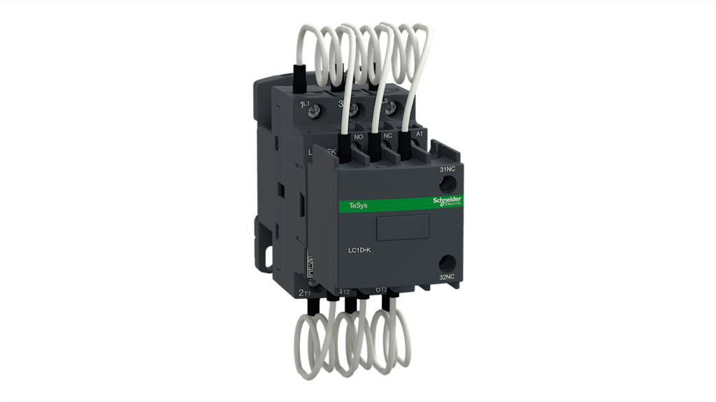 Contattore per commutazione condensatore, Schneider Electric, serie LC1D, 3 poli, 3 NO, corrente nominale 25 A, tensione bobina 230 V ca, tensione nominale contatto 690 V ca, montaggio a pannello con viti o su guida DIN, dimensioni 45 mm x 122 mm x 130 mm, temperatura operativa da -5°C a +60°C, accessori installabili, alta affidabilità e resistenza agli urti. Codice costruttore LC1DFKP7.
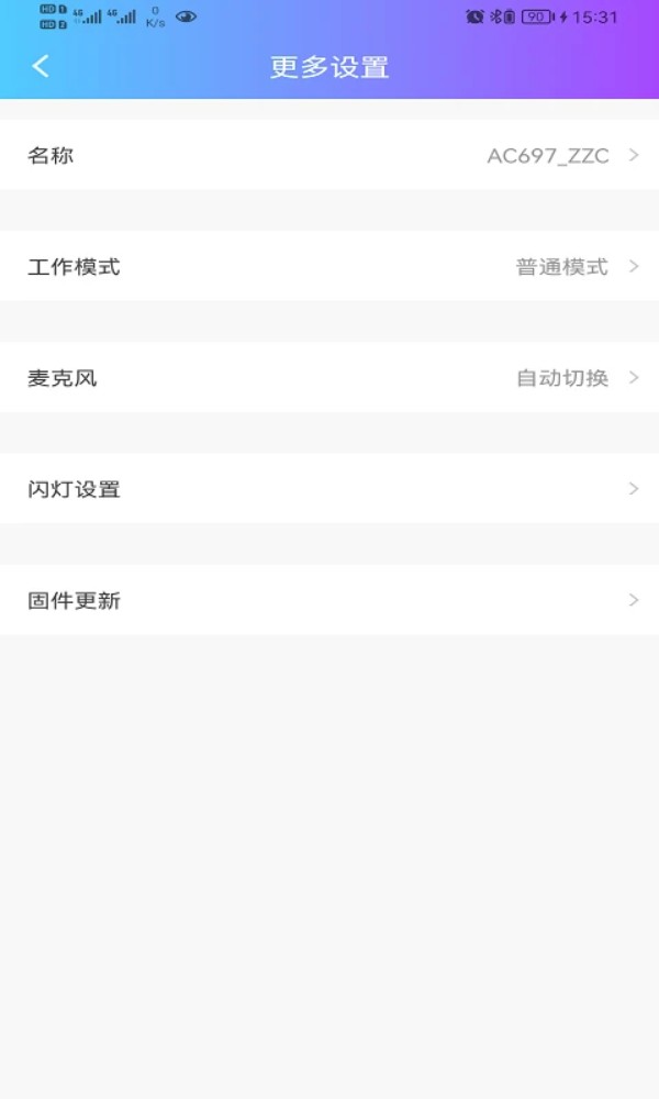 在"更多设置"页面中,还可以修改设备名称、切换工作模式、设置灯效与更新固件。
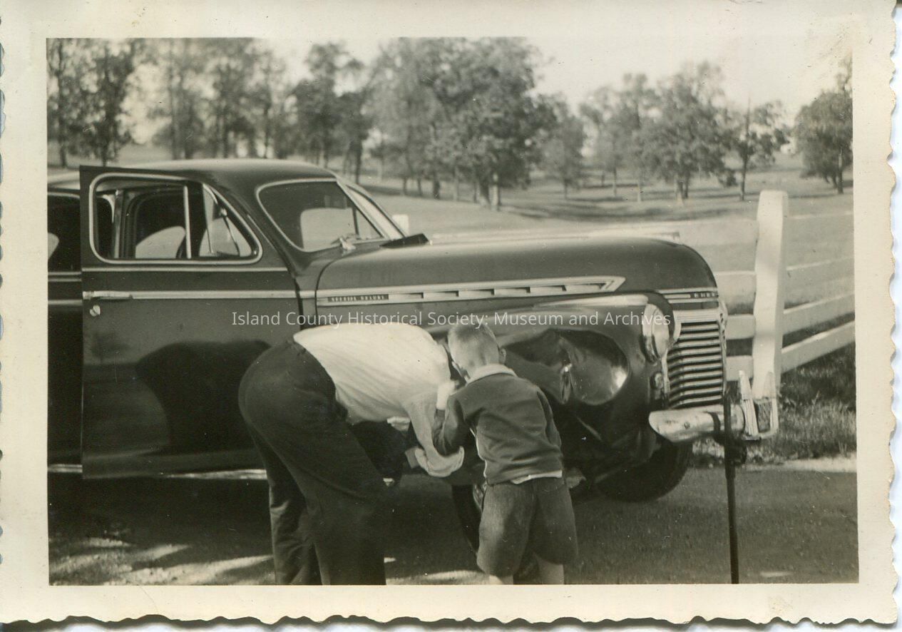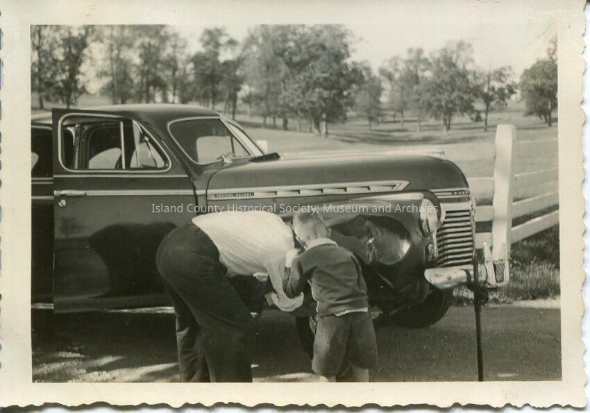 A black and white photo of a man changing a car tire with a young boy beside him. There is a white fence behind the car.
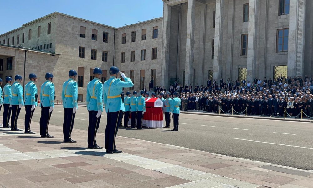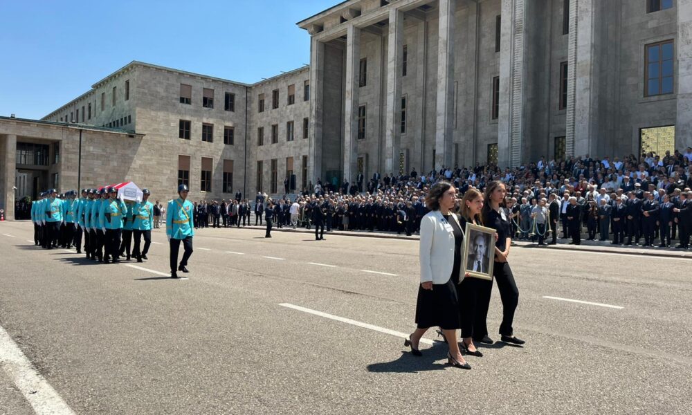 Altan Öymen, bir süredir yaşadığı sağlık sorunları nedeniyle 2 gün önce tedavi gördüğü hastanede hayatını kaybetti. Öymen için bugün TBMMde düzenlenen törene, Öymenin ailesi ve yakınları ile TBMM Başkanı Numan Kurtulmuş, CHP Genel Başkanı Özgür Özel, MHP Genel Başkanı Devlet Bahçeli, İYİ Parti Genel Başkanı Müsavat Dervişoğlu, DEVA Partisi Genel Başkanı Ali Babacan, AK Parti Grup Başkanı Abdullah Güler, siyasi partilerin grup başkan vekilleri, milletvekilleri, eski CHP Genel Başkanı Kemal Kılıçdaroğlu ve eski TBMM Başkanı Bülent Arınç katıldı. Öymenin Türk bayrağına sarılı tabutu görevlilerin omuzlarında TBMMnin şeref kapısı merdivenlerinin önüne getirildi. Öymennin hatırasına saygı duruşunda bulunulmasının ardından dua okundu.
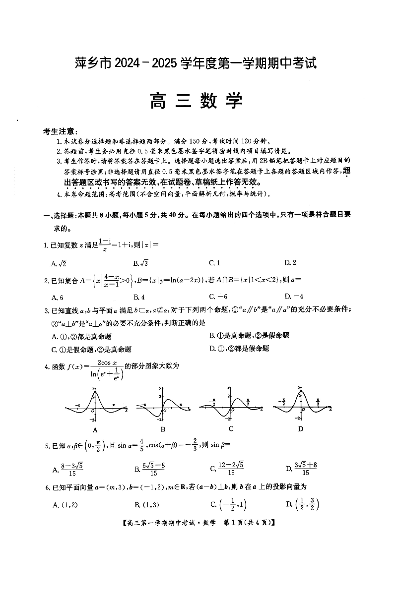 江西省萍乡市2024-2025学年高三上学期期中考试 数学
::::::
Please make an exact copy of the records, leaving out any picture.

TASK SOLUTION ->
 Contattore per commutazione condensatore, Schneider Electric, serie LC1D, 3 poli, 3 NO, corrente nominale 25 A, tensione bobina 230 V ca, tensione nominale contatto 690 V ca, montaggio a pannello con viti o su guida DIN, dimensioni 45 mm x 122 mm x 130 mm, temperatura operativa da -5°C a +60°C, accessori installabili, alta affidabilità e resistenza agli urti. Codice costruttore LC1DFKP7.
 在"更多设置"页面中,还可以修改设备名称、切换工作模式、设置灯效与更新固件。
 A black and white photo of a man changing a car tire with a young boy beside him. There is a white fence behind the car.
 Altan Öymen, bir süredir yaşadığı sağlık sorunları nedeniyle 2 gün önce tedavi gördüğü hastanede hayatını kaybetti. Öymen için bugün TBMMde düzenlenen törene, Öymenin ailesi ve yakınları ile TBMM Başkanı Numan Kurtulmuş, CHP Genel Başkanı Özgür Özel, MHP Genel Başkanı Devlet Bahçeli, İYİ Parti Genel Başkanı Müsavat Dervişoğlu, DEVA Partisi Genel Başkanı Ali Babacan, AK Parti Grup Başkanı Abdullah Güler, siyasi partilerin grup başkan vekilleri, milletvekilleri, eski CHP Genel Başkanı Kemal Kılıçdaroğlu ve eski TBMM Başkanı Bülent Arınç katıldı. Öymenin Türk bayrağına sarılı tabutu görevlilerin omuzlarında TBMMnin şeref kapısı merdivenlerinin önüne getirildi. Öymennin hatırasına saygı duruşunda bulunulmasının ardından dua okundu.
 江西省萍乡市2024-2025学年高三上学期期中考试 数学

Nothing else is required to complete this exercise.